*** Opening Extracted data ***

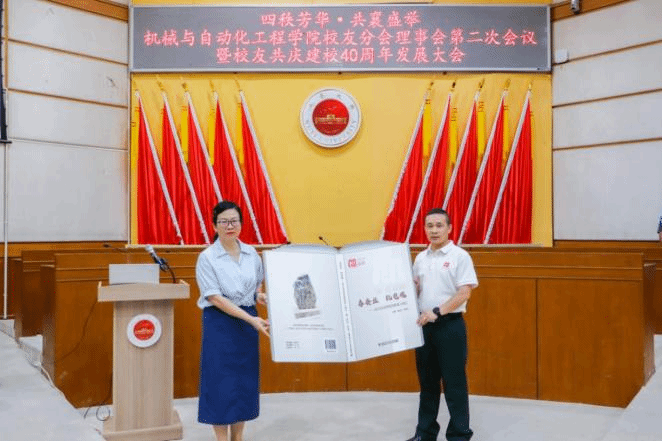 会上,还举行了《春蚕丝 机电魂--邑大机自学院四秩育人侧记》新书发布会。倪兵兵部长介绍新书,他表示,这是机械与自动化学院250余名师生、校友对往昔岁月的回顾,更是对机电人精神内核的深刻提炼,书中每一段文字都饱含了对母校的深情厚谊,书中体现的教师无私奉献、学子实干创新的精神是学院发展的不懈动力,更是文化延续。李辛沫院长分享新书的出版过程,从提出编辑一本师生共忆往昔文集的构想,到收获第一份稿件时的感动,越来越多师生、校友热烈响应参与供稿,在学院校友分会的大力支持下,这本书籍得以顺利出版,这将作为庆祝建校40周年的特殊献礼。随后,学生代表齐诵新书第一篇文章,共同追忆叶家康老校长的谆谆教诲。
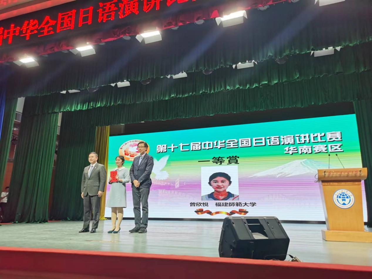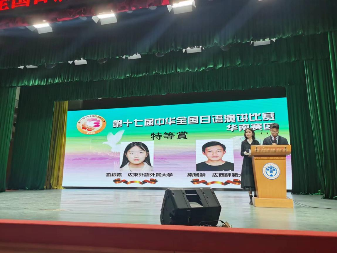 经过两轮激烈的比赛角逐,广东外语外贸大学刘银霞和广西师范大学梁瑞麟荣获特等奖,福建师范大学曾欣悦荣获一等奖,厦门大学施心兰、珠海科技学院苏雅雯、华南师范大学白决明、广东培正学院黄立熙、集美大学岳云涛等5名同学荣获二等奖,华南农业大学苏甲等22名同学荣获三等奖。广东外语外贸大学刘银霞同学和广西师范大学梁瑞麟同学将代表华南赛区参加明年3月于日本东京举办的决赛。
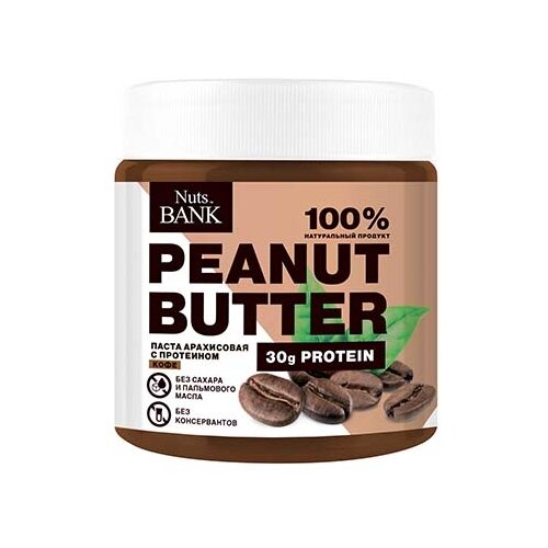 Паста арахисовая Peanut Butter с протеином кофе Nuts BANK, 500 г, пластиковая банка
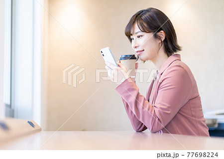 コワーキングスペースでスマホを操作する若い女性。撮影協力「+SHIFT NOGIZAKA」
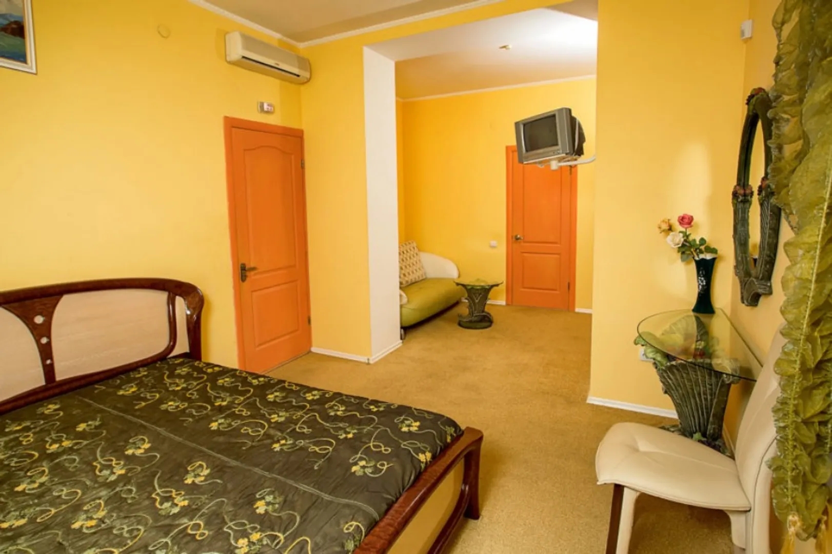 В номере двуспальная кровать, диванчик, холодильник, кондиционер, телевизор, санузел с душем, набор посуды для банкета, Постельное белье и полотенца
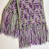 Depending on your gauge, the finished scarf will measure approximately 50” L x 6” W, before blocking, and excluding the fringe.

*** Closing Extracted data ***

• **Task objective**
When the line containing "В номере двуспальная" has been located, retype it and each line after it through the end of the records, excluding the pictures and adding nothing else.

• **Solved exercise**
 В номере двуспальная кровать, диванчик, холодильник, кондиционер, телевизор, санузел с душем, набор посуды для банкета, Постельное белье и полотенца
 Depending on your gauge, the finished scarf will measure approximately 50” L x 6” W, before blocking, and excluding the fringe.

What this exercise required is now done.